A closer examination of the design space (A_c, A_f) shows that at the global optima, the surface fraction A_f allocated to the feeding apparatus is <50% in both sessile and motile cells (Fig. 4, solid yellow markers, and Supplementary Fig. S.4 for Pe = 500). That is, unlike in diffusive transport, where maximal intake is achieved when receptors are randomly distributed over the entire cell surface (Fig. 2B)¹, in flow-driven transport, the designation of a specific portion of the cell surface as a ‘mouth’ not only facilitates the intracellular processing of ingested food particles, but also optimizes external transport to the cell surface. The Q - and Sh-landscapes in both sessile and swimming cells are broad peaked. This feature implies that nutrient uptake is robust to small variations in cell design and insensitive to perturbations in the specific feeding and ciliary arrangements. To underscore the significance of this feature, we calculated the contour lines corresponding to Q = 10⁴ body volumes/h and highlighted the regions of the cell morphospace (A_c, A_f), where Q exceeding 10⁴ body volumes/h. We choose this Q value because empirical observations in ciliates range from Q = 10³ to 10⁵ body volumes/h (Methods, Supplementary Table S.5)³². To map our dimensionless model results to units of body volumes per hour, we used a maximal speed of 50 body lengths/s, consistent with empirical measurements in ciliates (Supplementary Table S.5, Fig. 4E, inset)³³. Our model predicts clearance rates higher than Q = 10⁴ body volumes/h over broad regions of (A_c, A_f) space (Fig. 4A, B inset). Likewise, for Sh number, over twofold increase in nutrient uptake is attainable nearly everywhere in the cell morphospace (Fig. 4C, D inset).

Because ciliary activity in motile cells serves to also power the cell motion, we explored how the arrangements of feeding and cilia coverage affect the cell swimming speed U. Not surprisingly, U is maximum at maximal cilia coverage (Fig. 4E). In sessile cells, ciliary activity exerts a force on the surrounded fluid that should be balanced by an attachment force, sustained by a specialized stalk^22,23,34; we thus computed the attachment force over the entire cell morphospace and found that this force is minimized at minimal cilia coverage (Fig. 4F). That is, in motile cells, optimal designs that maximize Q and Sh by distributing cilia across the entire surface fraction unoccupied by the feeding apparatus also improve the propulsive force and swimming speed U of the cell (Fig. 4E), while in sessile cells, optimal designs that maximal Q and Sh by concentrating ciliary activity in a band around the cell’s feeding area also reduce the force needed to keep the cell attached (Fig. 4F).

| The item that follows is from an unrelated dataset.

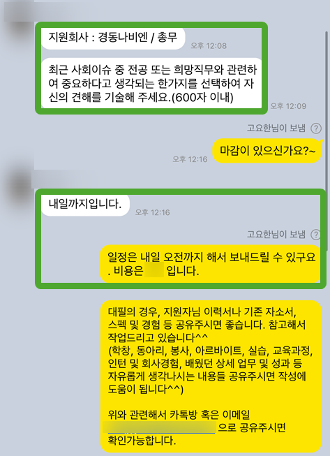경동나비엔 채용, 총무 직무 합격 자소서 작성법 & 자기소개서 문항 첨삭 대필 후기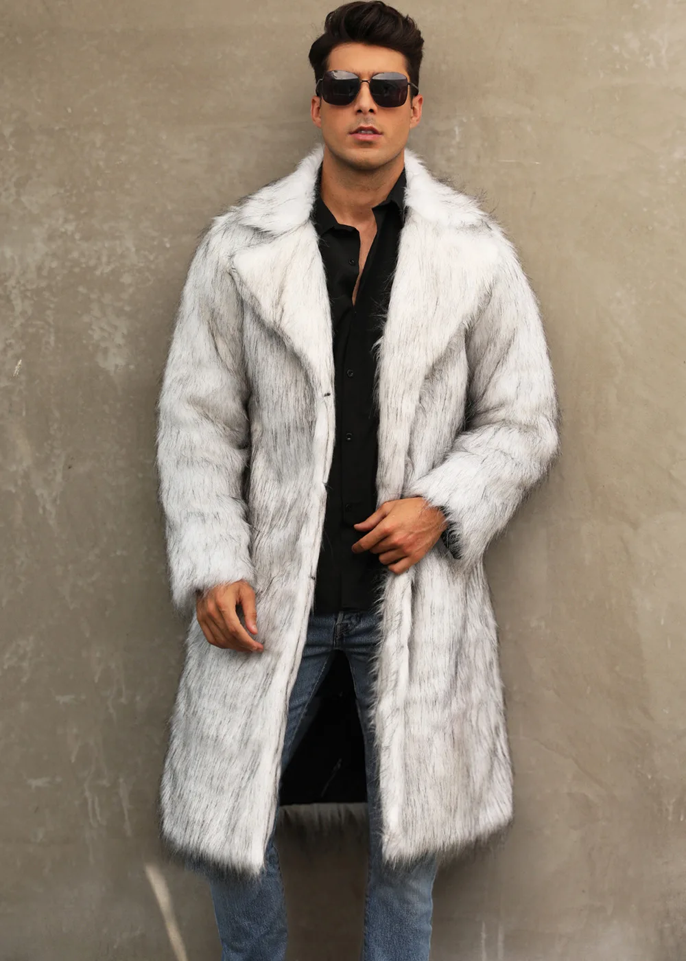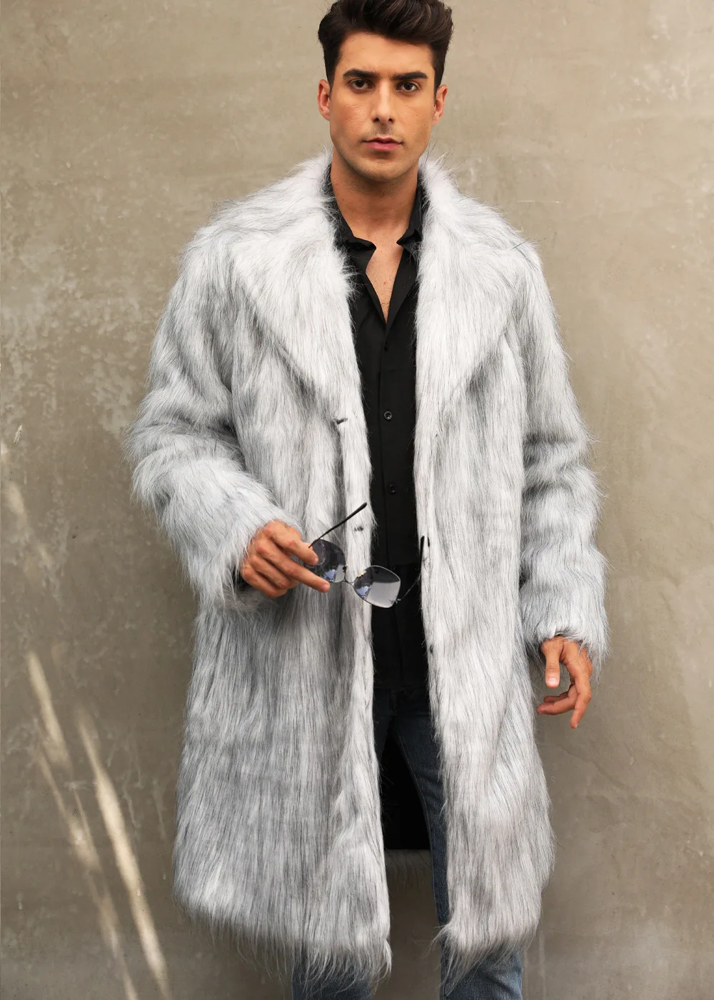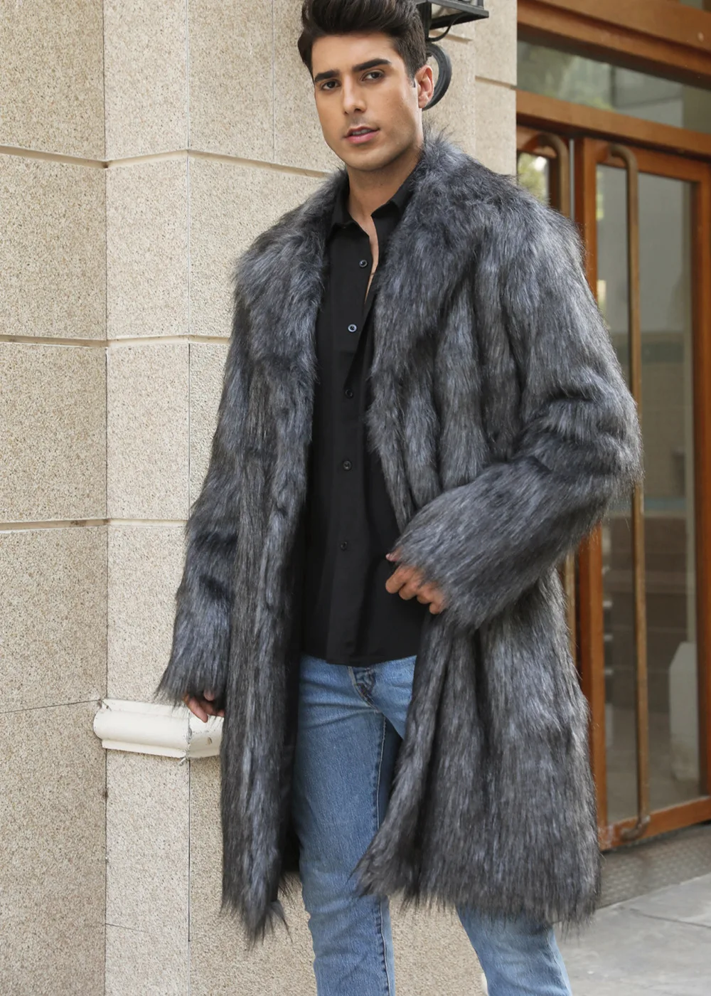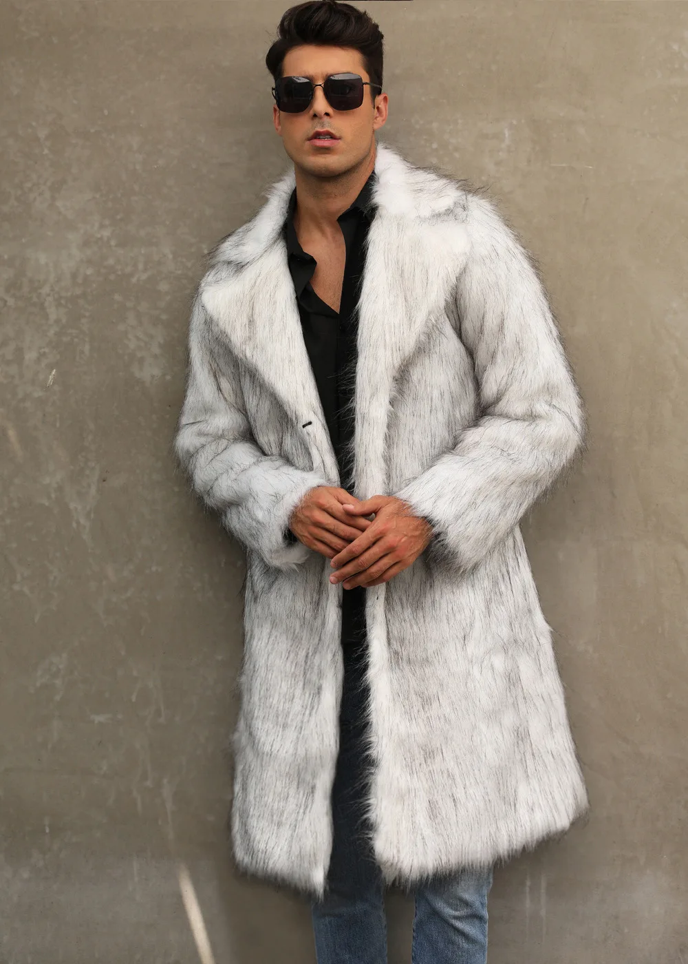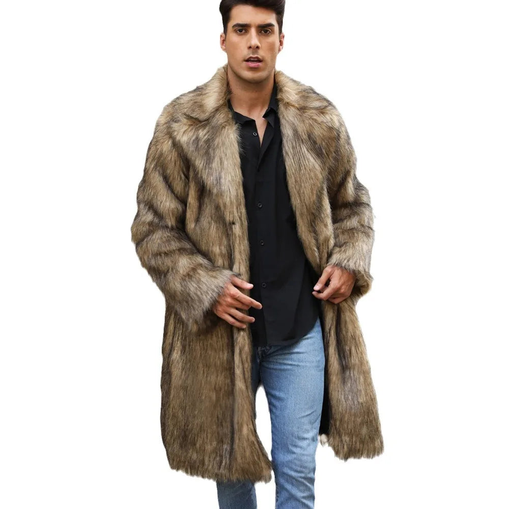 Autumn Winter New Fashionable Suit Collar Men Jacket Synthetic Fur Imitation Fox Fur Thick Medium Long Coat

To rigorously account for these multiple objectives, we defined a multi-objective optimization problem using the weighted-sum method, where the objective function \({{\mathcal{J}}}\) depended on cell motility: in motile cells, \({{\mathcal{J}}}=\alpha {{\rm{Sh}}}+(1-\alpha )U\) aimed to maximize both feeding rate Sh and swimming speed U, whereas in sessile cells, \({{\mathcal{J}}}=\alpha {{\rm{Sh}}}-(1-\alpha )F\) aimed to maximize feeding while minimizing the attachment force F. The parameter α describes the weight given to nutrient uptake; at α = 1, \({{\mathcal{J}}}\) account for only feeding, recovering the optimization problem in Fig. 4C, D. At α = 0, feeding does not enter in the optimization. As we varied α from 0 to 1, the optimal solutions describe a Pareto front³⁵. In motile cells, the Pareto front starts at maximal cilia coverage at α = 0, which maximizes swimming speed, and ends at maximal nutrient uptake at α = 1, thus favoring maximal cilia coverage over the entire cell surface not allocated to feeding (Fig. 5A). In sessile cells, the Pareto front jumps abruptly from minimal cilia coverage at α = 0, when feeding is discounted, to the branch of optimal solutions characterized by a localized ciliary band surrounding the feeding area, ending with maximal nutrient uptake at α = 1 (Fig. 5B). That is, the Pareto front in sessile cells follows closely the Sh-optimal branch, indicating no conflict between the two objectives of maximizing uptake and minimizing attachment force.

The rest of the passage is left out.